Every line of the material below needs to be copied exactly; omit the pictures.

▶ Data section

• • • • • • •

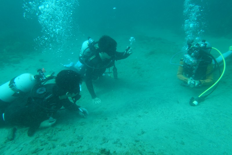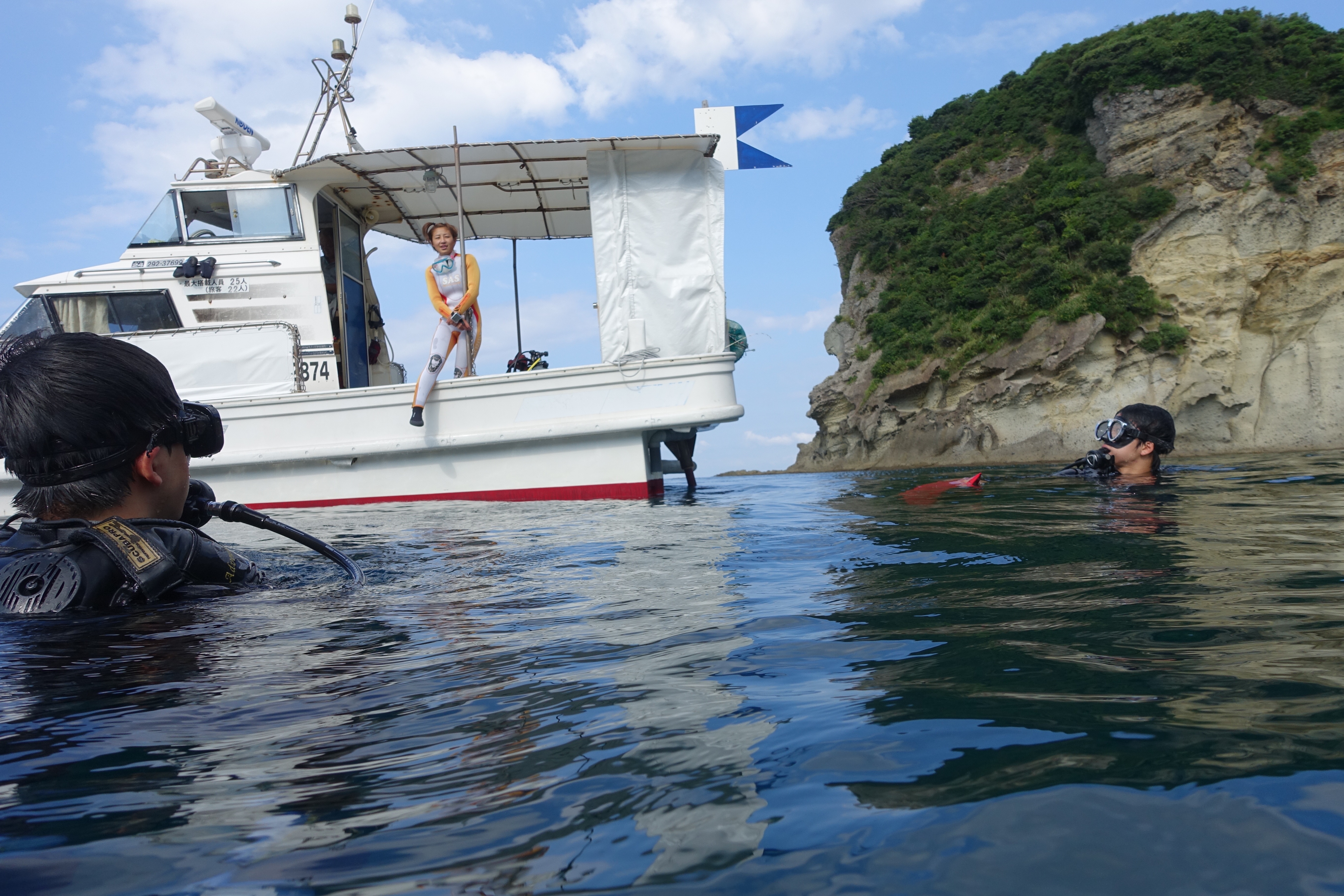 ボートからエントリーして、穏やかな水深4mのポイントでトレーニング!
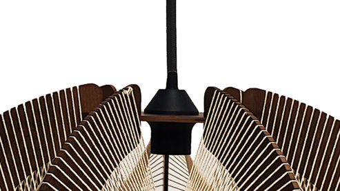 naturfarbene Hanfschnur, dunkel holzfarbenes MDF und mattschwarzes Metall
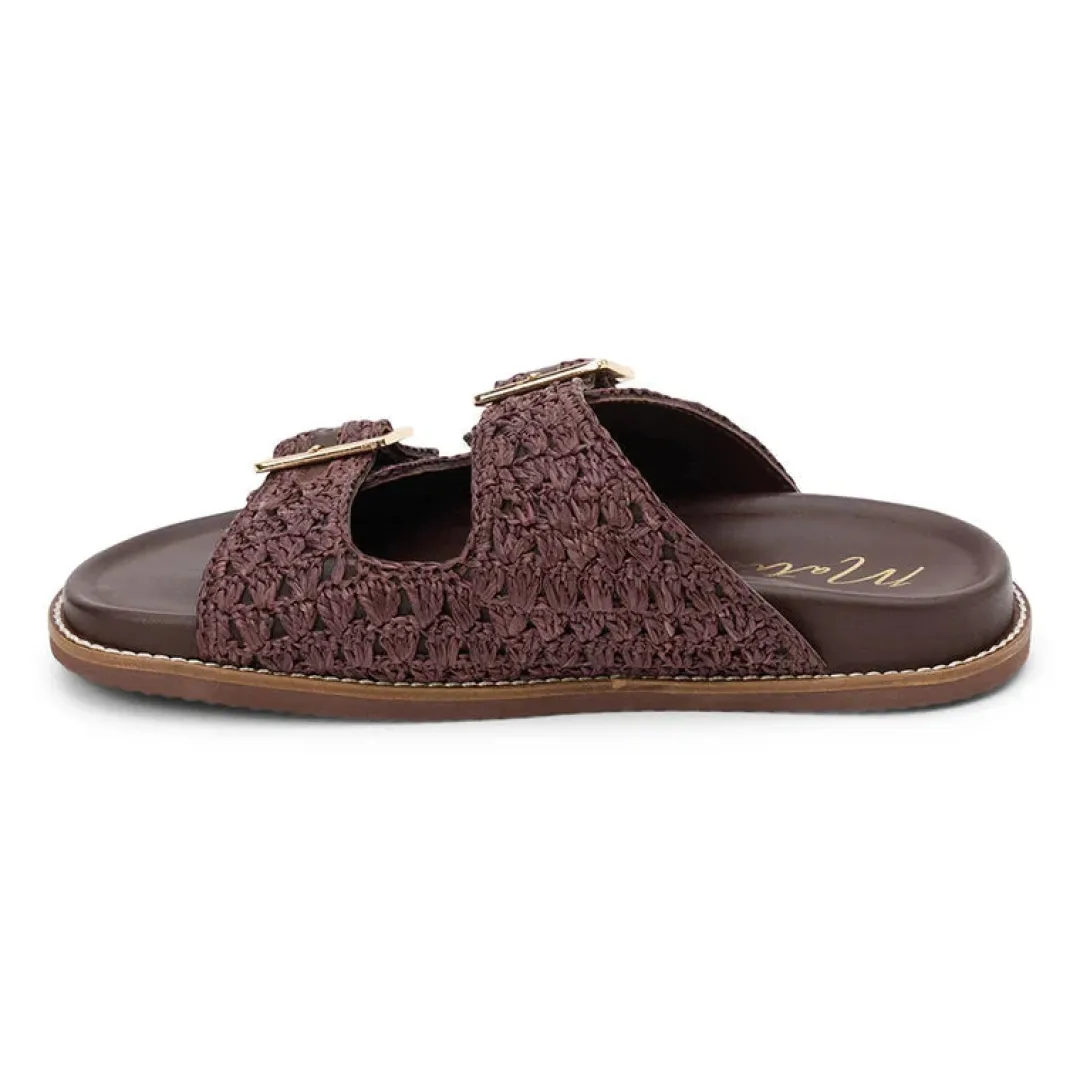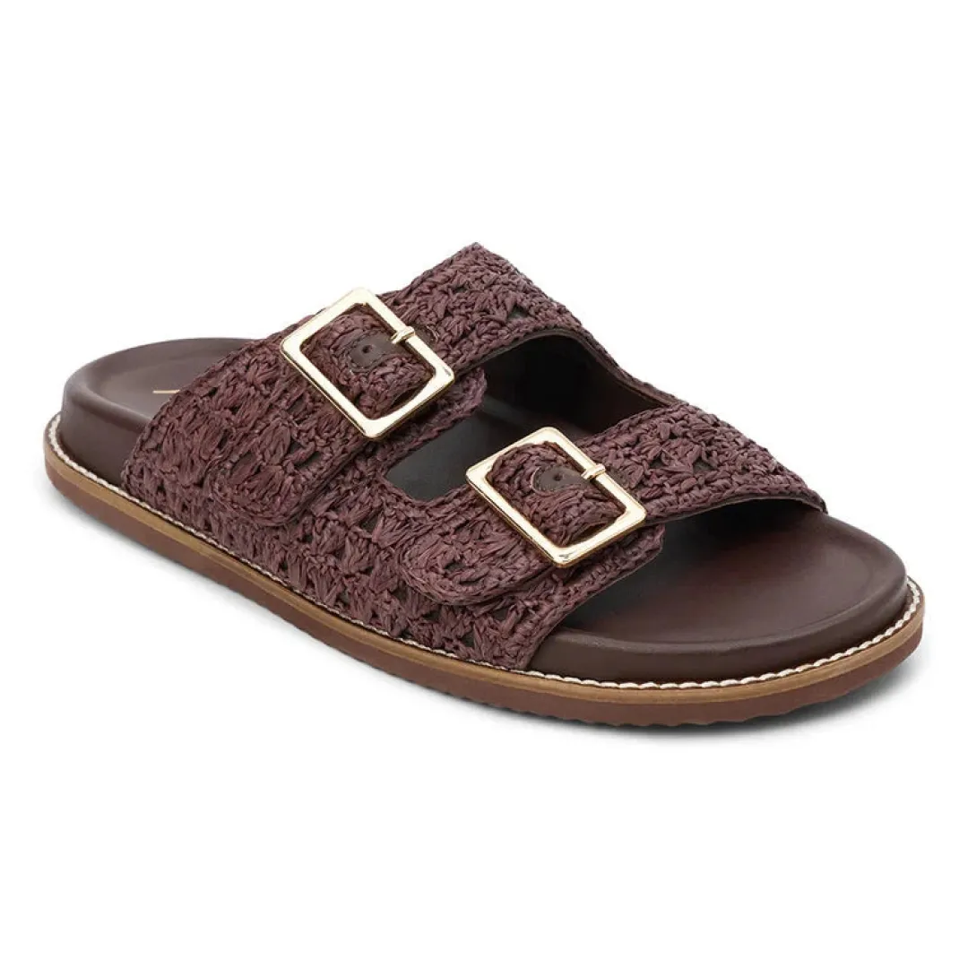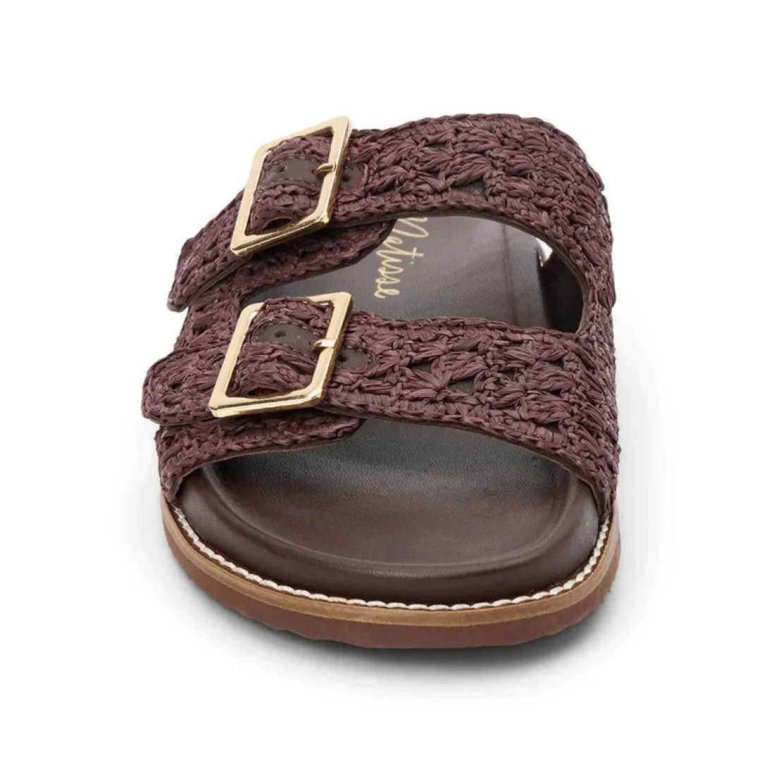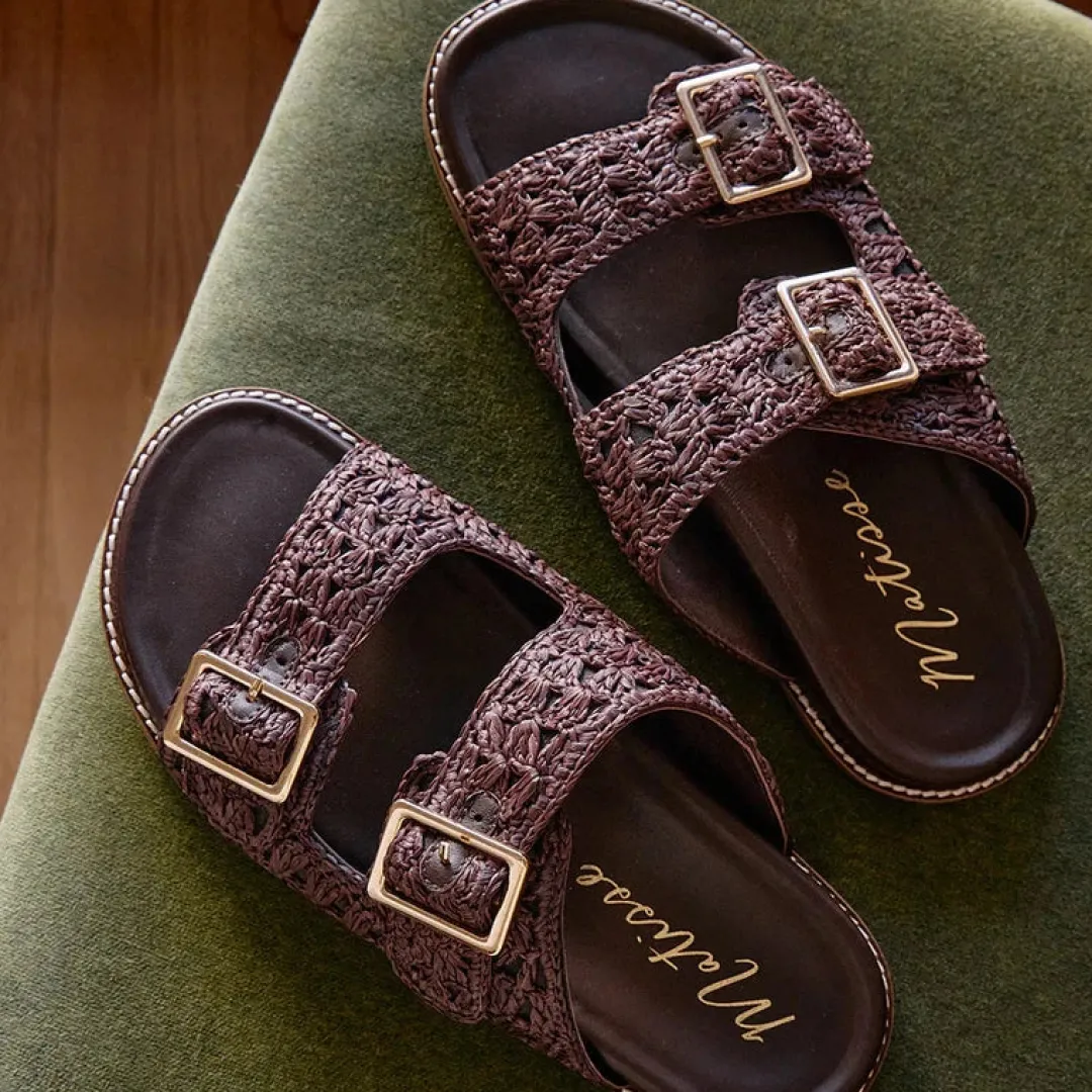 Brown woven raffia slide sandals with adjustable gold-tone buckles, a cushioned footbed, and a sturdy sole. A breezy, laid-back style perfect for warm-weather outings. Crochet, two-band footbed sandal.

• • • • • • •

▶ Reply to the exercise
 ボートからエントリーして、穏やかな水深4mのポイントでトレーニング!
 naturfarbene Hanfschnur, dunkel holzfarbenes MDF und mattschwarzes Metall
 Brown woven raffia slide sandals with adjustable gold-tone buckles, a cushioned footbed, and a sturdy sole. A breezy, laid-back style perfect for warm-weather outings. Crochet, two-band footbed sandal.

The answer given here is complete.